- What you have to do: Your copy should hold only the lines from the one with "美国品牌。在EWG的推荐名单" to the one with "The Beckhams are", both included, each exactly as it stands below, with no pictures.

- The data:
********************
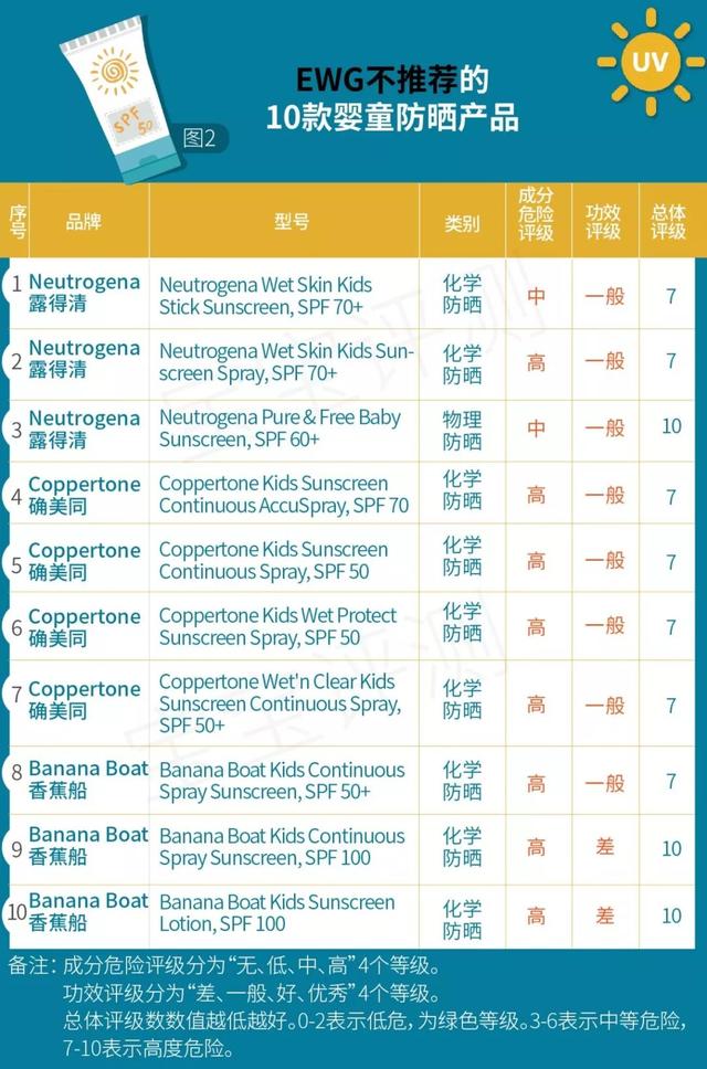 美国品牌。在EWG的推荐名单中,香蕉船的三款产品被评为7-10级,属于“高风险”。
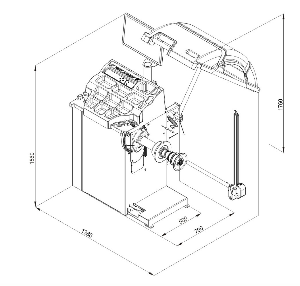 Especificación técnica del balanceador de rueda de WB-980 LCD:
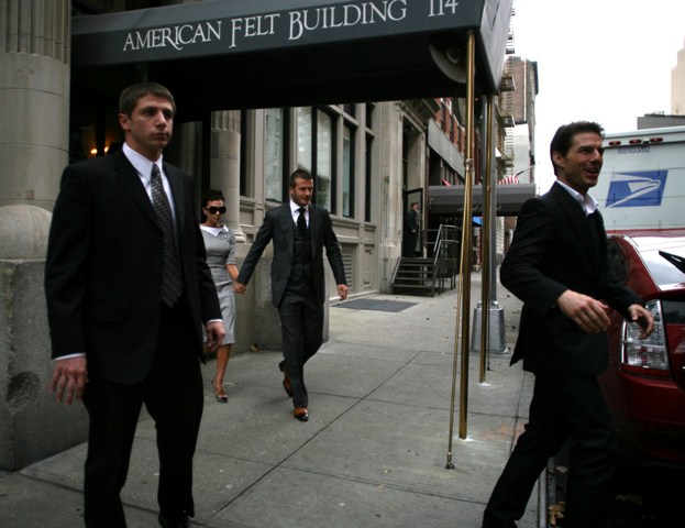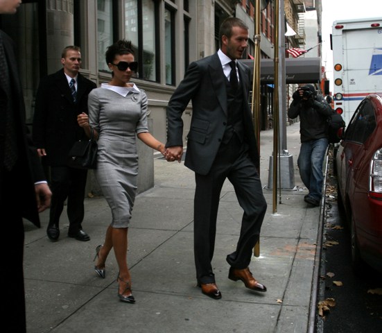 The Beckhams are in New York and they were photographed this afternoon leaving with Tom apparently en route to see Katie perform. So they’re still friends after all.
********************
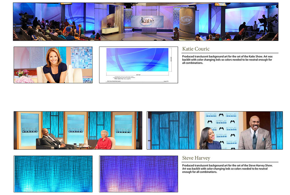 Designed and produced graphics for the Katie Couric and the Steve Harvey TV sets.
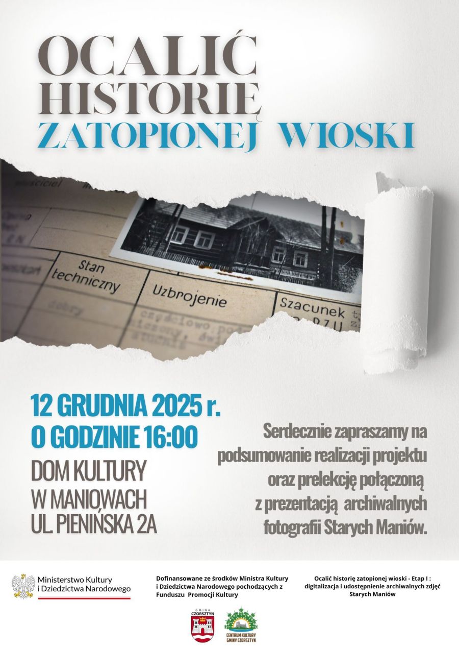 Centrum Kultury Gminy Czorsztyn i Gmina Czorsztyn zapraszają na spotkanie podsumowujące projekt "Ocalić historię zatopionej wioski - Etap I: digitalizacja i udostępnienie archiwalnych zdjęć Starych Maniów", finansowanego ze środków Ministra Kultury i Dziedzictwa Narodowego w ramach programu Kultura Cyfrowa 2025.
********************
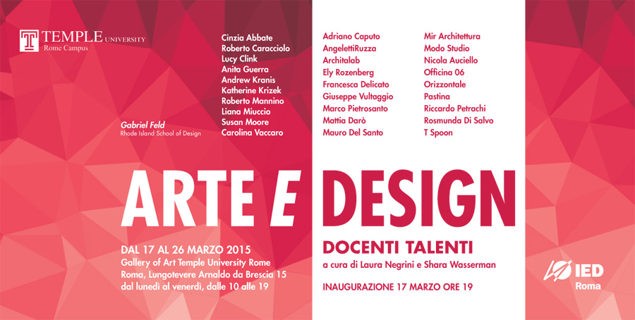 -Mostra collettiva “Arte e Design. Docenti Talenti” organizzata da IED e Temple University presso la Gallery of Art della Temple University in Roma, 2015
********************
- Solution to the problem:
 美国品牌。在EWG的推荐名单中,香蕉船的三款产品被评为7-10级,属于“高风险”。
 Especificación técnica del balanceador de rueda de WB-980 LCD:
 The Beckhams are in New York and they were photographed this afternoon leaving with Tom apparently en route to see Katie perform. So they’re still friends after all.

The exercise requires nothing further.